Cannabis compounds like CBD and THC are processed through the same pathways as alcohol. Anecdotal evidence and research clearly show a strong interaction between consuming alcohol and cannabis together. There are implications that make the decision to consume cannabis products and alcohol together something to carefully consider:
Consuming alcohol and marijuana together increases THC levels in the blood, but THC does not increase blood alcohol levels.
When CBD is combined with alcohol far lower blood alcohol levels were observed, but the effects of alcohol were not influenced.
Caffeine & CBD Oil
Perhaps one of the most common combinations for CBD users is the consumption of caffeine (via coffee or tea) alongside CBD. While scientific research on the subject is limited, it is well known that both CBD and caffeine act on the adenosine receptors.
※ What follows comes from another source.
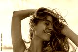 Cheerful pretty girl with closed eyes, long blonde hair, stylish accessories smiling and posing against background of pink sunset sky

It is important to note too that caffeine is metabolized by the CYP450 enzyme, specifically CYP1A2. This means that consuming CBD and caffeine together lead to a slower rate of caffeine processing through the body, resulting in a more drawn-out caffeine effect.
The interaction between these two substances is being anecdotally documented as the rise of CBD-infused coffee permeates popular culture.
CBD and other compounds in hemp oil may interact with a wide range of drugs. This article is not medical advice. If you are taking or plan on taking any medications and wish to begin using a CBD product of any kind, be sure to talk with your doctor first.